=== Records shown ===

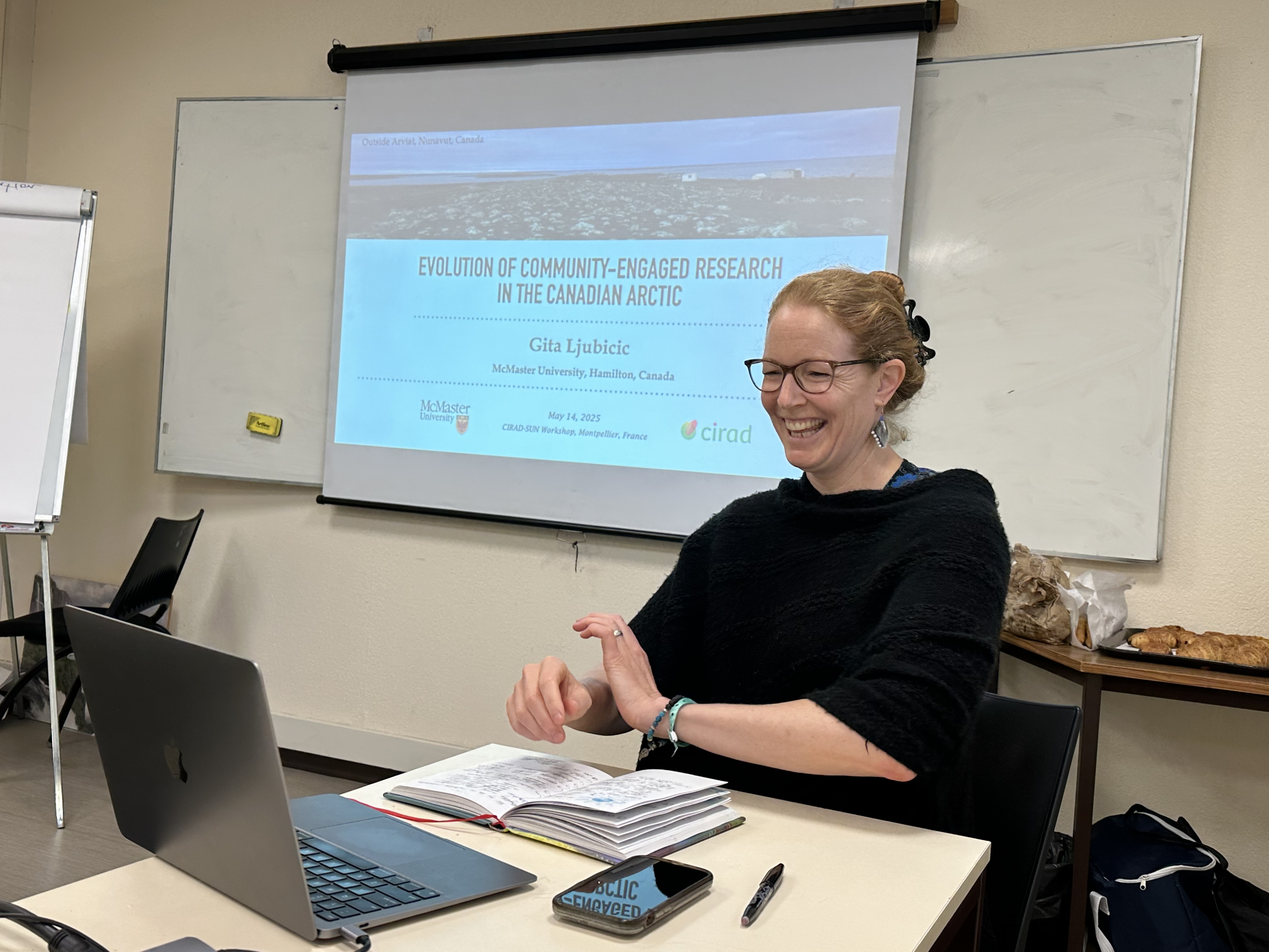 At the CIRAD–SUN workshop held May 13–14, 2025 in Montpellier, France, SUN Team members and French researchers from the UMR SENS research unit (Joint Research Unit (UMR), Knowledge, Environment and Society (SENS)) came together for the first time at the CIRAD Lavalette campus. Over two intense and inspiring days, we shared methodologies and explored collaborative opportunities in community-driven and community-engaged research. Our workshop had a strong emphasis on ways to engage a wide range of Indigenous, public, and decision-making audiences in dialogue for research design, conservation initiatives, and education across Africa, Canada, and South America.
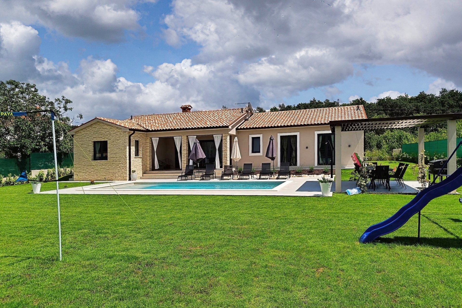 An der Ostküste Istriens, nur wenige Kilometer vom mittelalterlichen Städtchen Labin und den Stränden des Badeortes Rabac entfernt, erwartet Sie diese neue Villa für 8 Personen im kleinen Dorf Kapelica.Die modern gestylte Villa bietet auf einer Ebene 4 Schlafzimmer (3 x Doppelbett, 1 x zwei Einzelbetten), 3 Badezimmer und einen großzügigen Wohn-Essbereich. Im Außenbereich erwartet Sie eine überdachte Terrasse mit Grill und ein großer Garten mit Spielmöglichkeiten für jung und alt (Schaukel, Badminton- und Volleyballnetz, Fußballtore). Der 36m² große Pool mit Massagedüsen lädt zum Entspannen ein - Liegestühle (6 Stück) und Sonnenschirme sind natürlich vorhanden.
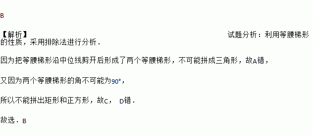 B ¡¾½âÎö¡¿ÊÔÌâ·ÖÎö£ºÀûÓõÈÑüÌÝÐεÄÐÔÖÊ£¬²ÉÓÃÅųý·¨½øÐзÖÎö£® ÒòΪ°ÑµÈÑüÌÝÐÎÑØÖÐλÏß¼ô¿ªºóÐγÉÁËÁ½¸öµÈÑüÌÝÐΣ¬²»¿ÉÄÜÆ´³ÉÈý½ÇÐΣ¬¹ÊA´í£¬ ÓÖÒòΪÁ½¸öµÈÑüÌÝÐεĽDz»¿ÉÄÜΪ90¡ã£¬ ËùÒÔ²»ÄÜÆ´³ö¾ØÐκÍÕý·½ÐΣ¬¹ÊC£¬ D´í£® ¹ÊÑ¡£®B
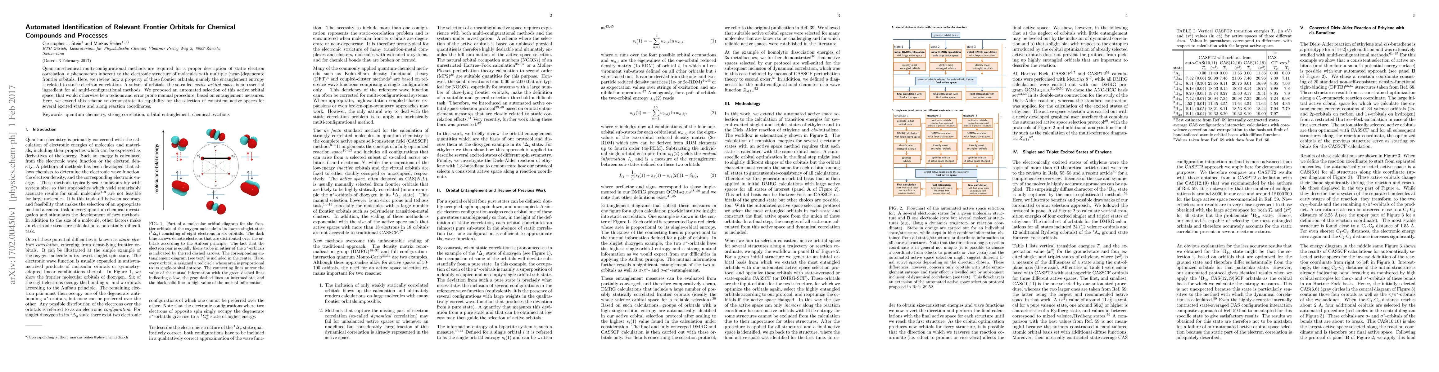This paper reviews the relationship between entanglement entropy and static electron correlation in quantum-chemical multi-configurational methods, focusing on frontier orbitals. It proposes an automated method for selecting the active orbital space based on entanglement measures, extending its application to multiple excited states and reaction coordinates.
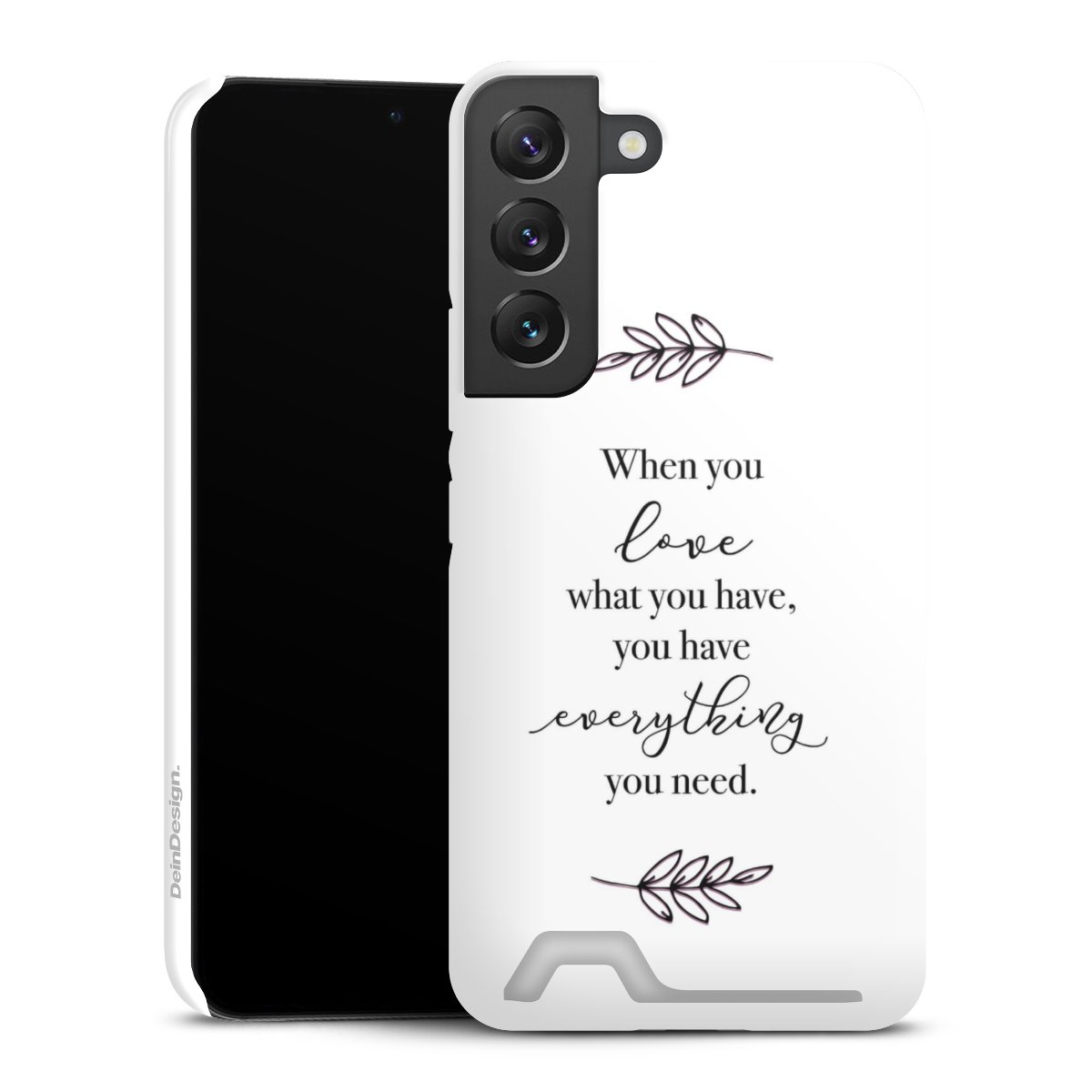Entscheide Dich für einen Spruch, der zu 100% aussagt wofür Du einstehst. Zusätzlich kannst Du zu Deinem ausgewählten Spruch ein passendes Motiv kombinieren, sodass Dein Smartphone optisch was zu bieten hat. Doch nicht nur für das Aussehen sorgen wir, sondern auch zuverlässigen Schutz vor unschönen Alltagsgebrauchsspuren garantieren wir Dir. DeinDesign steht für innovative Drucktechnologie und hochwertige Materialien.

===

§ **What to do**
Where a picture appears in the records above, omit it, and transcribe exactly the stretch of lines from the one with "An der Ostküste" through the one with "This paper reviews".

§ **Solution for this exercise**
 An der Ostküste Istriens, nur wenige Kilometer vom mittelalterlichen Städtchen Labin und den Stränden des Badeortes Rabac entfernt, erwartet Sie diese neue Villa für 8 Personen im kleinen Dorf Kapelica.Die modern gestylte Villa bietet auf einer Ebene 4 Schlafzimmer (3 x Doppelbett, 1 x zwei Einzelbetten), 3 Badezimmer und einen großzügigen Wohn-Essbereich. Im Außenbereich erwartet Sie eine überdachte Terrasse mit Grill und ein großer Garten mit Spielmöglichkeiten für jung und alt (Schaukel, Badminton- und Volleyballnetz, Fußballtore). Der 36m² große Pool mit Massagedüsen lädt zum Entspannen ein - Liegestühle (6 Stück) und Sonnenschirme sind natürlich vorhanden.
 B ¡¾½âÎö¡¿ÊÔÌâ·ÖÎö£ºÀûÓõÈÑüÌÝÐεÄÐÔÖÊ£¬²ÉÓÃÅųý·¨½øÐзÖÎö£® ÒòΪ°ÑµÈÑüÌÝÐÎÑØÖÐλÏß¼ô¿ªºóÐγÉÁËÁ½¸öµÈÑüÌÝÐΣ¬²»¿ÉÄÜÆ´³ÉÈý½ÇÐΣ¬¹ÊA´í£¬ ÓÖÒòΪÁ½¸öµÈÑüÌÝÐεĽDz»¿ÉÄÜΪ90¡ã£¬ ËùÒÔ²»ÄÜÆ´³ö¾ØÐκÍÕý·½ÐΣ¬¹ÊC£¬ D´í£® ¹ÊÑ¡£®B
This paper reviews the relationship between entanglement entropy and static electron correlation in quantum-chemical multi-configurational methods, focusing on frontier orbitals. It proposes an automated method for selecting the active orbital space based on entanglement measures, extending its application to multiple excited states and reaction coordinates.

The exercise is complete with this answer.